A fund’s expenses are expressed as a percentage of its average net assets. This figure is known as the expense ratio. The following examples are intended to help you understand the ongoing costs (in dollars) of investing in your fund and to compare these costs with those of other mutual funds. The examples are based on an investment of $1,000 made at the beginning of the period shown and held for the entire period.
The table below illustrates your fund’s costs in two ways:
• Based on actual fund return. This section helps you to estimate the actual expenses that you paid over the period. The “Ending Account Value” shown is derived from the fund’s actual return, and the third column shows the dollar amount that would have been paid by an investor who started with $1,000 in the fund.
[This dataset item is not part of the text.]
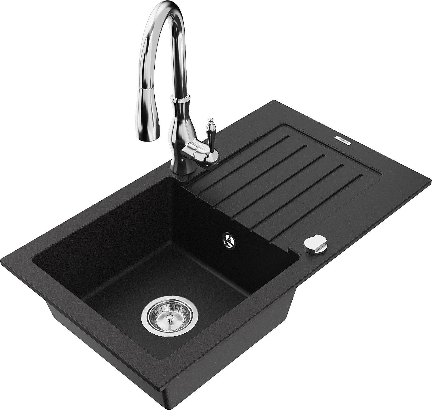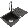 Mexen Pablo 1 rekeszes gránit mosogató csepegtetővel és Savita konyhai csappal, fekete - 6510-77-672601-00

You may use the information here, together with the amount you invested, to estimate the expenses that you paid over the period.
To do so, simply divide your account value by $1,000 (for example, an $8,600 account value divided by $1,000 = 8.6), then multiply the result by the number given for your fund under the heading “Expenses Paid During Period.”
• Based on hypothetical 5% yearly return. This section is intended to help you compare your fund’s costs with those of other mutual funds. It assumes that the fund had a yearly return of 5% before expenses, but that the expense ratio is unchanged. In this case—because the return used is not the fund’s actual return—the results do not apply to your investment. The example is useful in making comparisons because the Securities and Exchange Commission requires all mutual funds to calculate expenses based on a 5% return. You can assess your fund’s costs by comparing this hypothetical example with the hypothetical examples that appear in shareholder reports of other funds.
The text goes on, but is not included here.